Peptides were analyzed by trapping on a 2.5 cm pre-column, followed by analytical separation on a 15–20 cm 75 μm ID fused silica column, both packed with Magic C18 AQ (Bruker). Columns were terminated with an integral fused silica emitter prepared in house. Peptides were eluted using a 5–40 % ACN/0.1 % formic acid gradient performed over 116 min at a flow rate of 250–300 nL/min.

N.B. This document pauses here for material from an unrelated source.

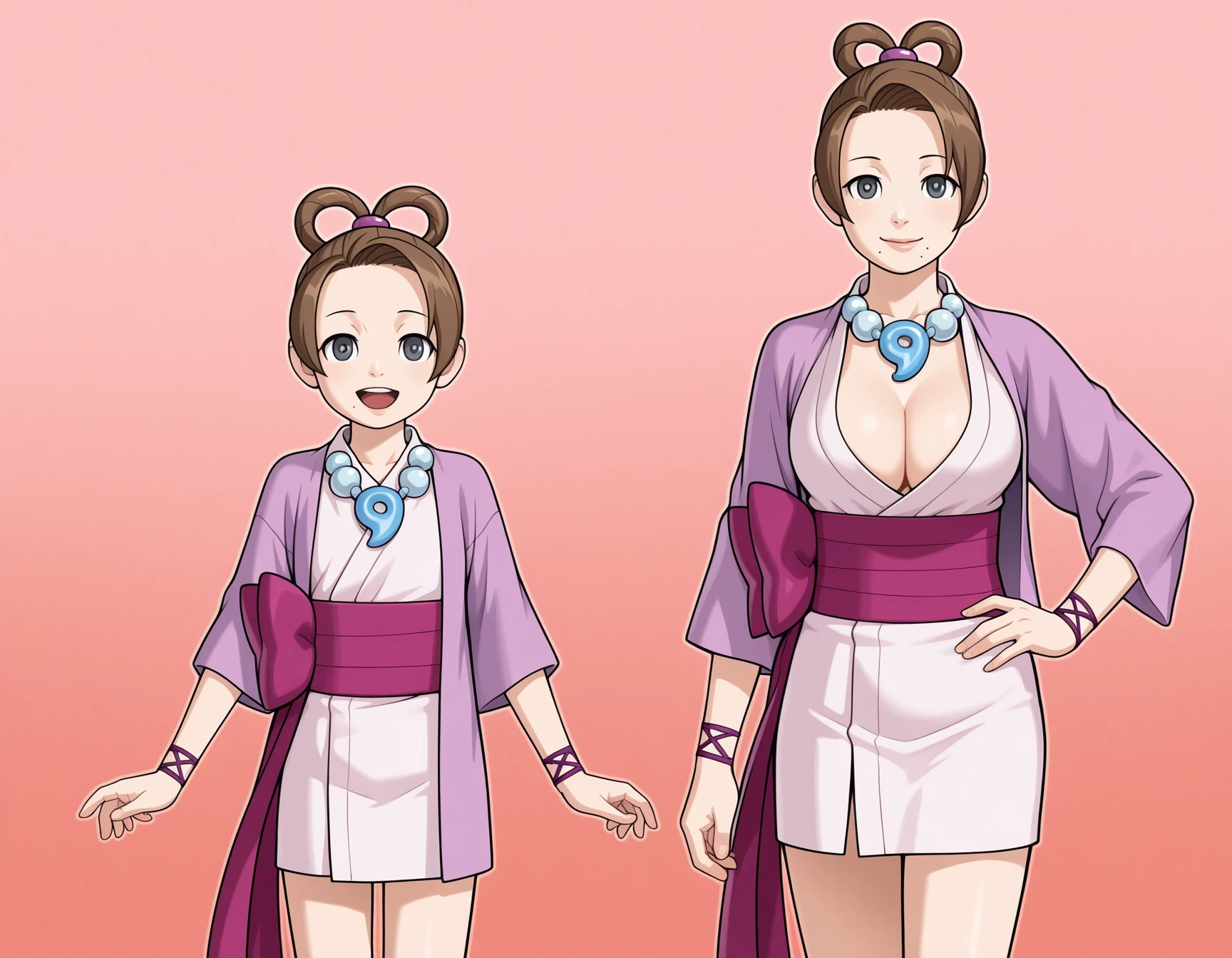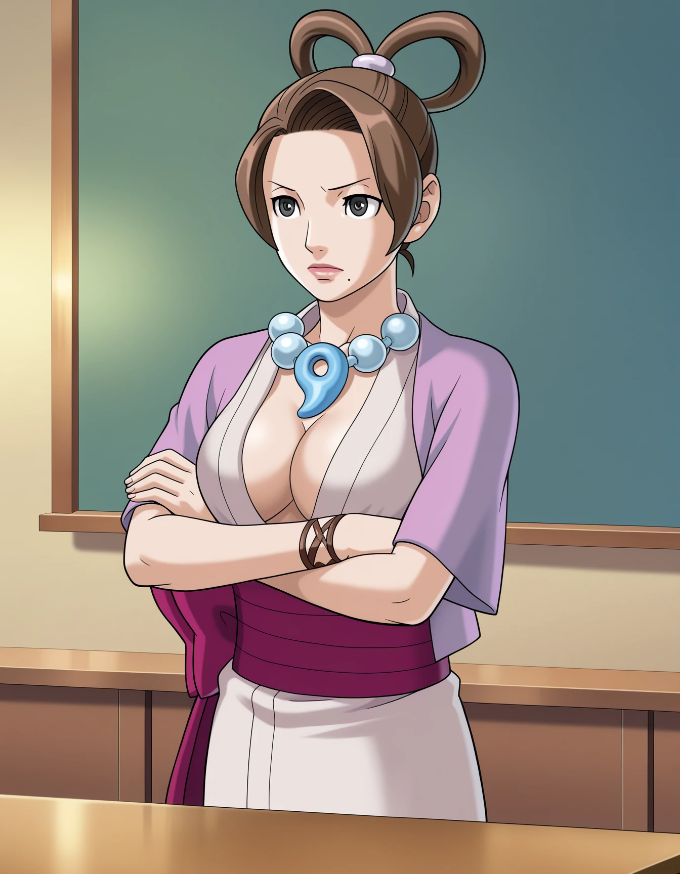Channeled Mia Fey: channeled mia, mia fey, grey eyes, large breasts, hair rings, short hair, mole under mouth, mature female, lips, shouzoku outfits, magatama necklace, short haori, short kimono, cleavage, obi, bracelet,

For each full-range Fourier transform mass spectrometry (FT-MS) scan (nominal resolution of 60,000), the six most intense ions were analyzed via data-dependent MS/MS in the linear ion trap using dynamic exclusion for 150 % of the observed chromatographic peak width. MS/MS settings used a trigger threshold of 8,000 counts, monoisotopic precursor selection (MIPS), and rejection of parent ions that had unassigned charge states or were previously identified as contaminants. Centroided ion masses were extracted using the extract_msn.exe utility from Bioworks 3.3.1 and were used for database searching with MASCOT v2.2.04 (Matrix Science) and X Tandem v2007.01.01.1 (www.​thegpm.​org).

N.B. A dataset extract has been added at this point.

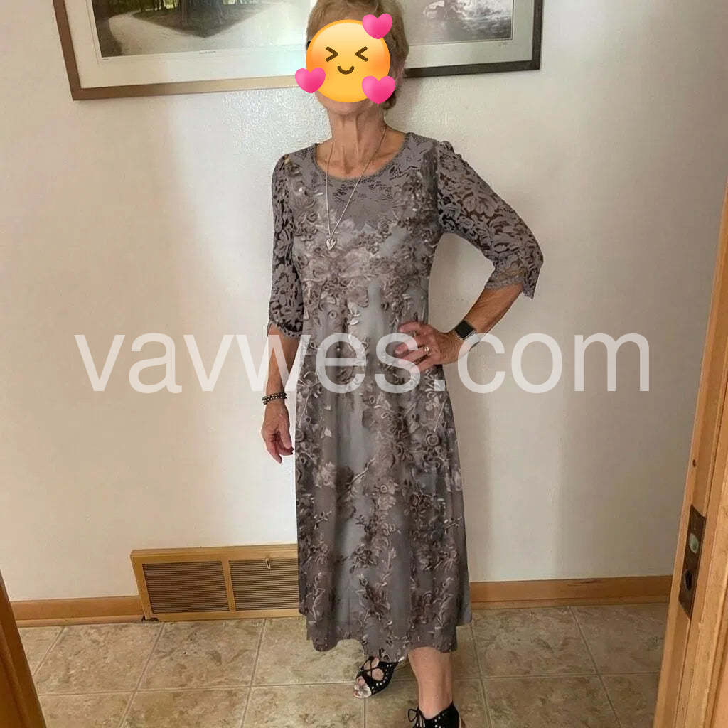 Brown Half Sleeve Round Neck Midi Dress

Scaffold (Version 3, Proteome Software Inc., Portland, OR) was used to validate MS/MS based peptide and protein identifications. Peptide identifications were accepted if they could be established at greater than 95 % probability as specified by the Peptide Prophet algorithm [22]. Protein identifications were accepted if they could be established at greater than 99.0 % probability and contained at least 2 identified peptides. Protein probabilities were assigned by the Protein Prophet algorithm [23]. Proteins that contained similar peptides and could not be differentiated based on MS/MS analysis alone were grouped to satisfy the principles of parsimony. A t-test was performed to determine significant differences in proteins identified in the eluents from SHetA2-microspheres in comparison to the eluents from unconjugated microspheres. P values of less than 0.05 were considered to be statistically significant.

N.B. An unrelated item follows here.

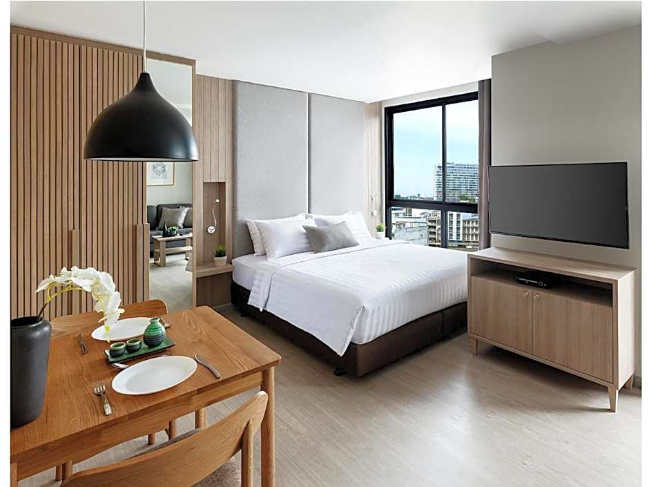 The spacious suite features 1 bedroom and 1 bathroom with a bath and free toiletries. The fully equipped kitchen has a stovetop, a refrigerator, kitchenware and a microwave. The air-conditioned suite provides a flat-screen TV with cable channels, a mini-bar, a tea and coffee maker, a seating area as well as city views. The unit offers 1 bed.

The A2780 human ovarian cancer cell line (gift of Michael Birrer, Harvard Medical School, Boston, MA) was cultured in RPMI 1640 tissue culture medium supplemented with 10 % fetal bovine serum (FBS), antibiotic/antimycotic, 1 nM sodium pyruvate and 1 mM HEPES buffer. Whole cell protein extracts were prepared from cultures treated with SHetA2 or DMSO for various times using M-PER Mammalian Protein Extraction Reagent (Thermo Scientific) or Triton × 100 lysis buffer consisting of 1 % Triton × 100, 10 mM Tris pH 7.4, 5 mM EDTA pH 8.0, and 50 mM NaCl. Cells were incubated and agitated by pipette or vortex every 5 min for 30 min. After incubation, samples were spun down for 3 min at 10,000 g to remove debris. Cell lysates were centrifuged to remove debris for 5 min at 3,000 g using a 1:100 ratio of anti-p66shc antibody (Santa Cruz, Cat # sc-967), anti-p53 antibody (Santa Cruz, Cat # sc-126) or anti-mortalin antibody (Cell signaling Cat # 3593) to lysate was added to each lysate immediately and incubated at 4 °C overnight. The next day, cells were incubated with Protein G-PLUS Agarose microspheres (Santa Cruz) for 1 hr. Microspheres were then washed 3 times with 1 mL of 10 % NP-40/Tris pH 8.0 buffer and centrifuged at 3,000 ×g for 4 min. Twenty microliters of SDS loading buffer was then added to each sample, and the solution was boiled for 5 min before being electrophoresed into a 12–15 % sodium dodecyl sulfate-polyacrylamide (SDS) gel electrophoresis, transferred to a polyvinylidene difluoride (PVDF) membrane, blocked in 5 % milk for 1 hr at room temperature, and then immunoblotted with the desired primary antibody (anti-mortalin antibody (Cell signaling Cat # 3593), anti-p53 antibody (Santa Cruz, Cat # sc-126) or anti-p66shc antibody (Santa Cruz, Cat # sc-967) and then incubated overnight at 4 °C. The membranes were then washed 3 times with 10 mL of PBS-Tween 20 (0.1 %), incubated with the appropriate HRP-conjugated secondary antibody for 30 min at room temperature and twashed 3 times with 10 mL of PBS-Tween 20 (0.1 %). Finally, specifically bound antibody was detected using Western Blotting Luminol Reagent (Santa Cruz Biotechnology) and exposure to X-Ray negative film.